Członkowie nowej inicjatywy obywatelskiej "Kupuję na Chrobrego" pragną tchnąć powiew życia w umierającą ulicę. Jak do tej pory wychodzi im to świetnie.
"Lubimy nasze centrum, kupujemy na Chrobrego i nie chcemy upadku tej ulicy!" - głoszą członkowie inicjatywy "Kupuję na Chrobrego", która powstała w tym roku w odpowiedzi na postępującą degrengoladę jednej z głównych ulic Gorzowa.

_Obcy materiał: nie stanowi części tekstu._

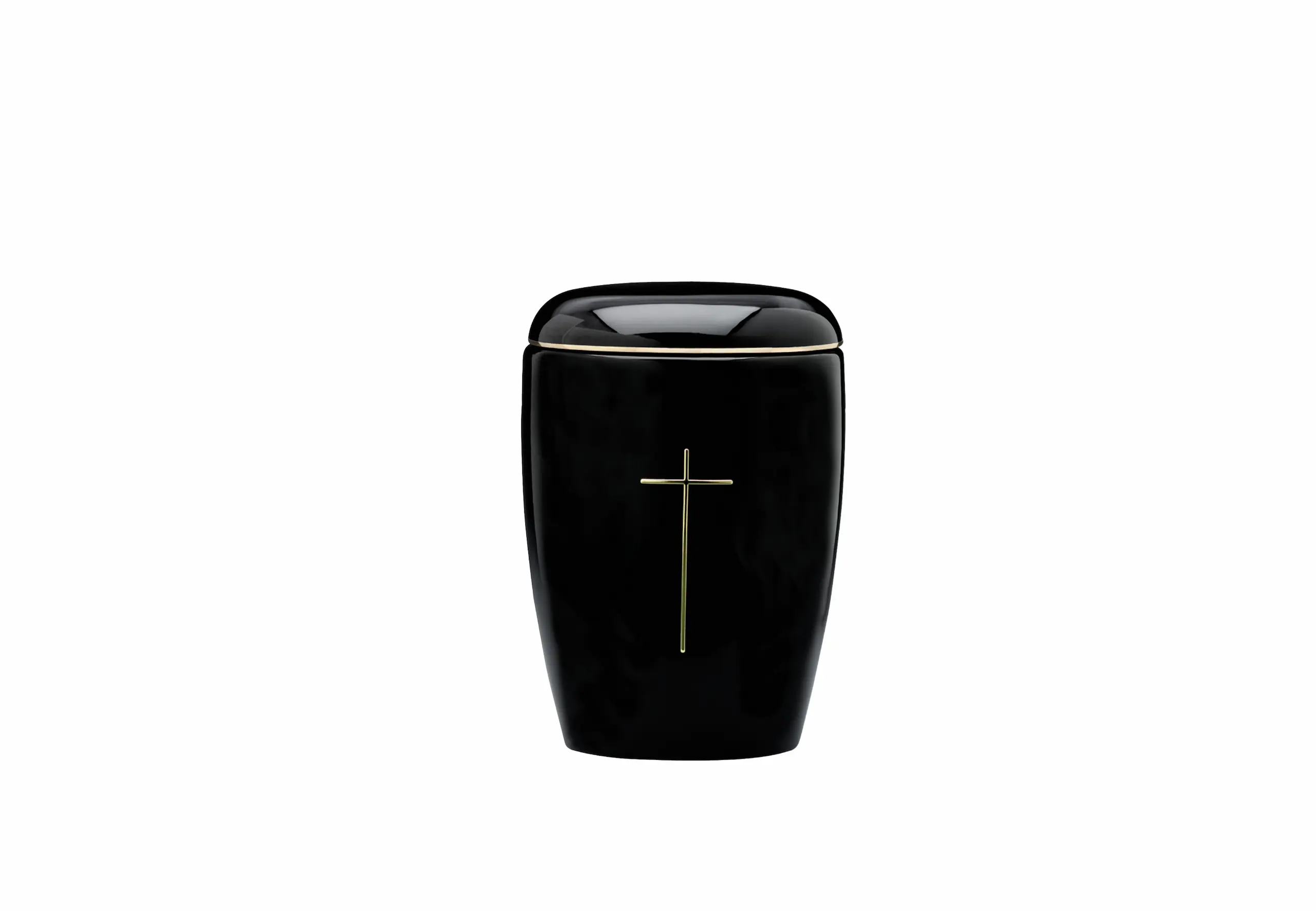 En vacker och hållbar urna i glaserad keramik, särskilt utformad för placering i urnmur eller kolumbarium. Urnan är dekorerad med ett guldband och ett kors – symboler för evighet, tro och minne. Den silkesmatta glasyren ger ett lugnt och värdigt uttryck, oavsett om du väljer svart eller vit finish, och kan anpassas med personlig gravyr.

Niegdyś ulica Chrobrego była głównym szlakiem handlowo-usługowym, dziś handel tu umiera, a puste witryny lokali każą zastanowić się czy powstanie dwóch galerii handlowych było trafionym pomysłem.

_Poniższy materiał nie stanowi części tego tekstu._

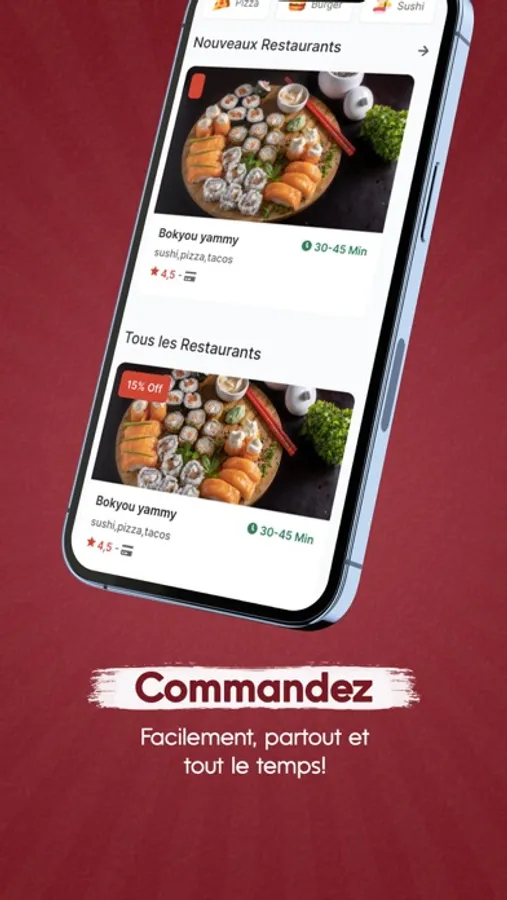 Que souhaitez-vous manger? Végétarien, burger, sushi, kebab, tacos, pizza ou encore pâtes, Notre application vous permet de commander les meilleurs repas dans tous les restos ou fast-foods de votre ville.

Członkowie inicjatywy społecznej "Kupuję na Chrobrego" obrali za cel aktywizację tej części miasta oraz przypomnienie mieszkańcom, że jest tu "dużo ciekawych miejsc i kilka wyjątkowych na skalę miasta". - Ulica Chrobrego ma piękną historię, ale chcemy, by miała także piękną przyszłość - czytamy na fanpage"u zrzeszenia na Facebooku, który polubiło już 900 osób.
Działania wykraczają jednak poza internet i wychodzą wprost na ulicę. Inicjatywa przygotowała cały rozkład zajęć związanych z ulicą Chrobrego. I tak w ostatnią sobotę odbyła się akcja "Ruszam się na Chrobrego", gdzie tańczono zumbę przy pomniku Jana Korcza, niedziele to akcja "Jem na Chrobrego" (przewidziano rabaty w wybranych punktach gastronomicznych), poniedziałki stoją pod hasłem upiększania, wtorki to czytanie, środa zabawa, czwartki poświęcone są graniu w planszówki na świeżym powietrzu, a w piątki inicjatywa zaprasza do robienia zakupów (zachęcić ma do tego tzw. "Chrupon" rabatowy na zakupy u partnerów akcji). 5 sierpnia inicjatywa zaprosiła gorzowskiego skrzypka jazzowego Adama Bałdycha, by na podwórku Szkoły Muzycznej zagrał recital na świeżym powietrzu. Jazzmana przyszło podsłuchać ponad 200 osób!